ブラック研究室からドロップアウトしたら異世界で男装薬師になりました
「殿下! お待ちください」
 殿下? 私はポカンと、目の前の男を見上げる。アクアマリンの瞳に、間の抜けた顔の自身が映り込んでいた。まさか、この男は。私の思考を読み取ったように、駆けてきた男が咳払いした。彼は時代劇のごとく、大仰な口調で告げる。

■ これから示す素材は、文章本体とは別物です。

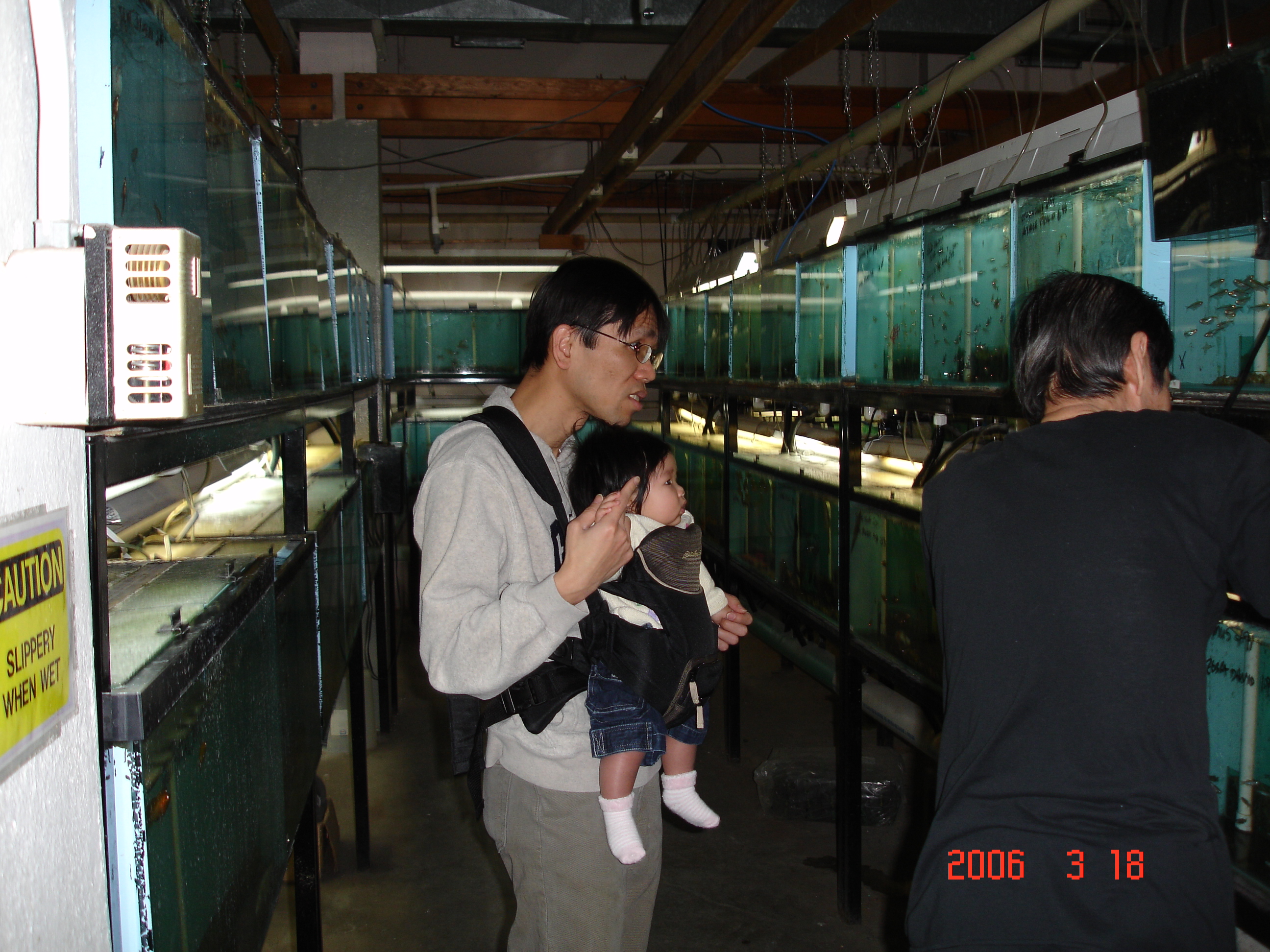 老闆幫我們抓魚, Felicia很認真的看著伯伯在抓魚哦.
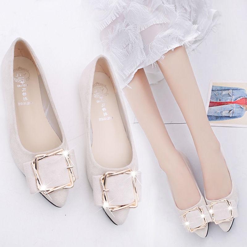 ♞▽ Net red same summer women's shoes shallow mouth flat bottom pea shoes cover feet soft bottom lazy sh网红同款夏季女鞋浅口平底豆豆鞋套脚软底懒人鞋仙女尖头单鞋百搭2021100117lang2051.sg

「控えよ。この方はミカエル・アルドレッド様。リーゼンタールの王位を継ぐお方だぞ」
 王位? 王太子だというのか、この男が。
「まあ、あなたがミカエル様……」
 母が車椅子から降り礼をしようとするので、私は慌てる。
「母様!」
 ミカエルは母を手のひらで制した。
「立たなくてもいいよ。それより喉が渇いたから、中でお茶でも飲もう」
「なにを言っているんです。というか下ろしてください」
 私はミカエルの肩をポカポカ叩くが、びくともしない。
「母様を連れていかないと!」
「ラウル、車椅子を押してあげて」
 ラウルが素早く母に近寄り、優しく声をかけている。結局私は、抱き上げられたまま客間まで運ばれた。使用人たちは、見目麗しいミカエルにぼうっと見とれている。
 ミカエルは我関せず、アクアマリンの瞳で辺りを見回していた。
「なかなかいい家だね、手狭で」
 キーン家の屋敷を手狭と言ってのけるとは。
「あの、いい加減下ろしていただけますか」
「あ、うん」
 ミカエルは私を床に下ろす。私は彼から後ずさった。